Personal information
- Born: June 5, 1911 Muskogee, Oklahoma, U.S.
- Died: February 9, 1988 (aged 76)
- Listed height: 6 ft 3 in (1.91 m)

Career information
- High school: Crane (Chicago, Illinois)
- College: Northwestern (1930–1933)
- Position: Center
- Number: 6

Career highlights
- 2× Consensus All-American (1931, 1933); Third-team All-American – College Humor (1932); Helms Foundation national champion (1931); AAU All-American (1933);

= Joe Reiff =

American basketball player and referee

Joseph Reiff (June 5, 1911 – February 9, 1988) was an American basketball player and referee. He was a three-time All-American center at Northwestern University.

Reiff, a 6'3 (1.91 m) center from Crane Technical High School in Chicago, chose to attend nearby Northwestern University and play for Hall of Fame coach Dutch Lonborg. Reiff led the Wildcats to a Western Conference championship in his sophomore year. Reiff led the league in scoring with a 10.0 average. Northwestern finished 13-1 (11-1 in league play) and would later be retroactively named 1931 National Champions by the Helms Athletic Foundation and Reiff was named a consensus All-American.

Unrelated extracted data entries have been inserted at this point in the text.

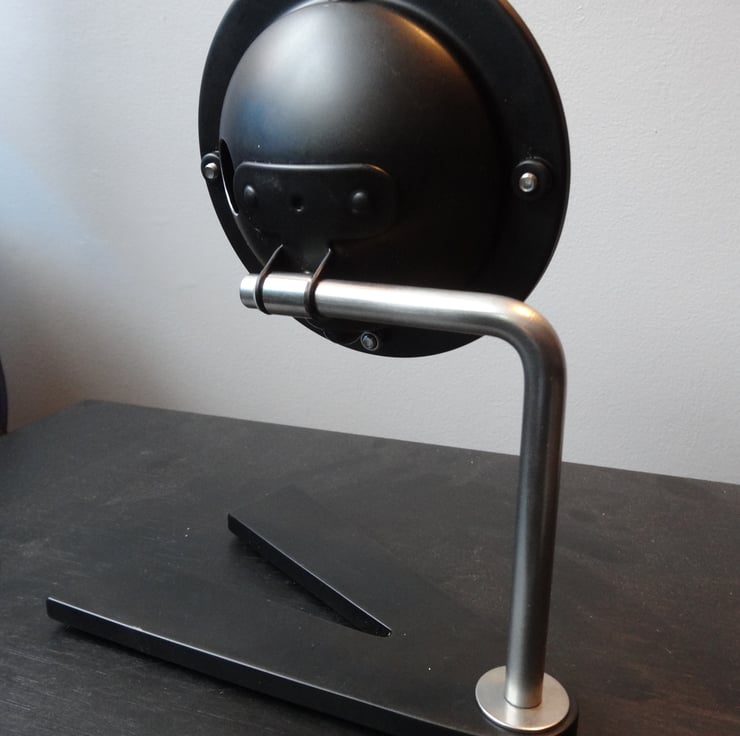 This a nice little aviation themed clock just finished. I bought the genuine new old stock aircraft gauge facia and had to create a clock around it. A classic rear car fog light gave up its back and I made a base plate out of 8mm ally. These are actually powder coated in satin black. A solid stainless steel arm was made to bring it together.
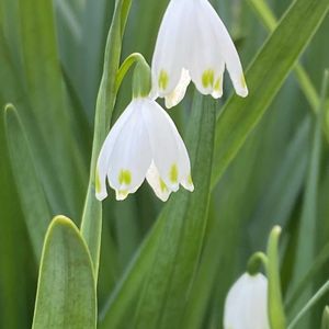 おはようございます いいお天気になりました 散歩であちらこちらに スノーフレークの株が目につきます 下向きのお花がかわいい🤍💚
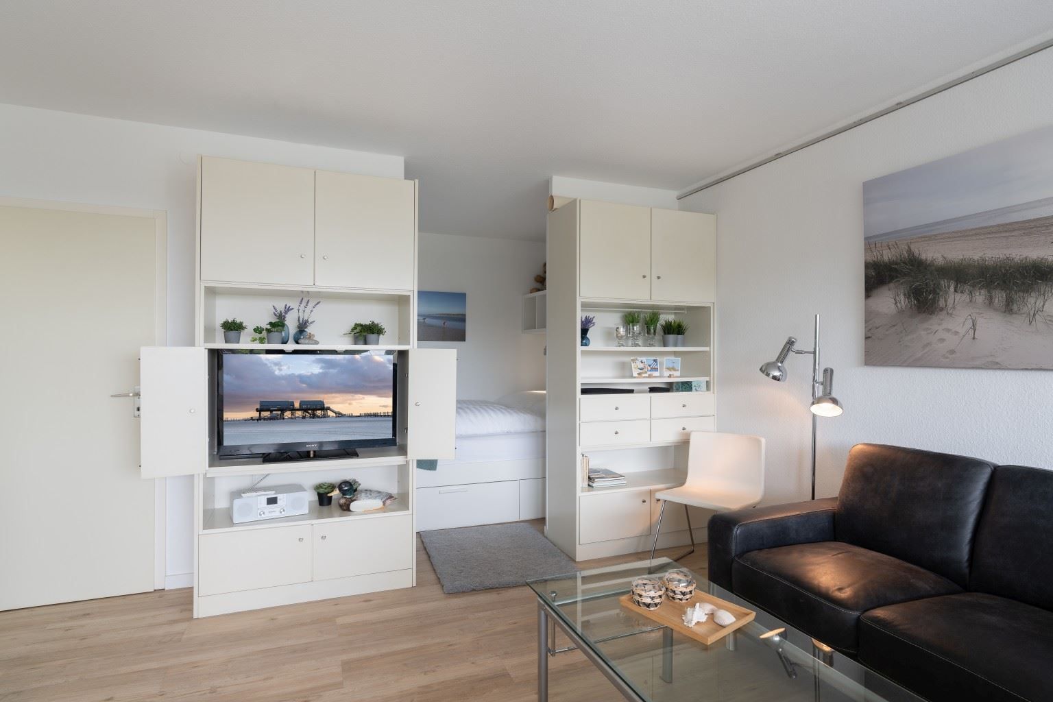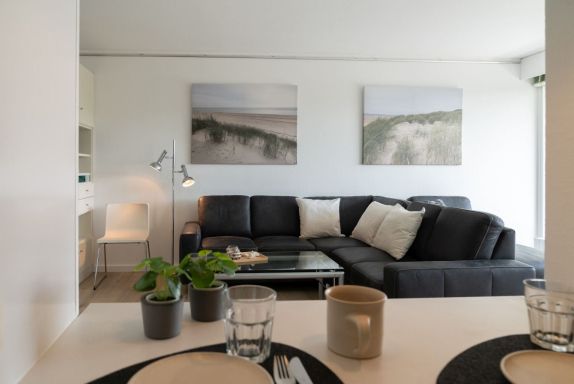 Modern und hell eingerichtete 2 1/2-Zimmer-Ferienwohnung Düne 73 im Haus Atlantic mit ca. 47 qm auf 1 Ebene (4. OG, mit Fahrstuhl) für bis zu 4 Personen. In strandnaher Lage im Ortsteil Bad in St. Peter-Ording.

In his junior year, Reiff finished second in the conference in scoring to Purdue senior John Wooden. In his senior year, Reiff again led Northwestern to a conference title and led the league in scoring for a second time at 14.0 points per game. He was once again named a consensus All-American

After graduating from Northwestern, Reiff played for Rosenberg-Avery of Chicago in the Amateur Athletic Union (AAU) and was named to the All-AAU team. He then became a basketball referee in the Western Conference from 1937-1947.

Joe Reiff was a charter inductee into the Northwestern athletics Hall of Fame, elected in 1984.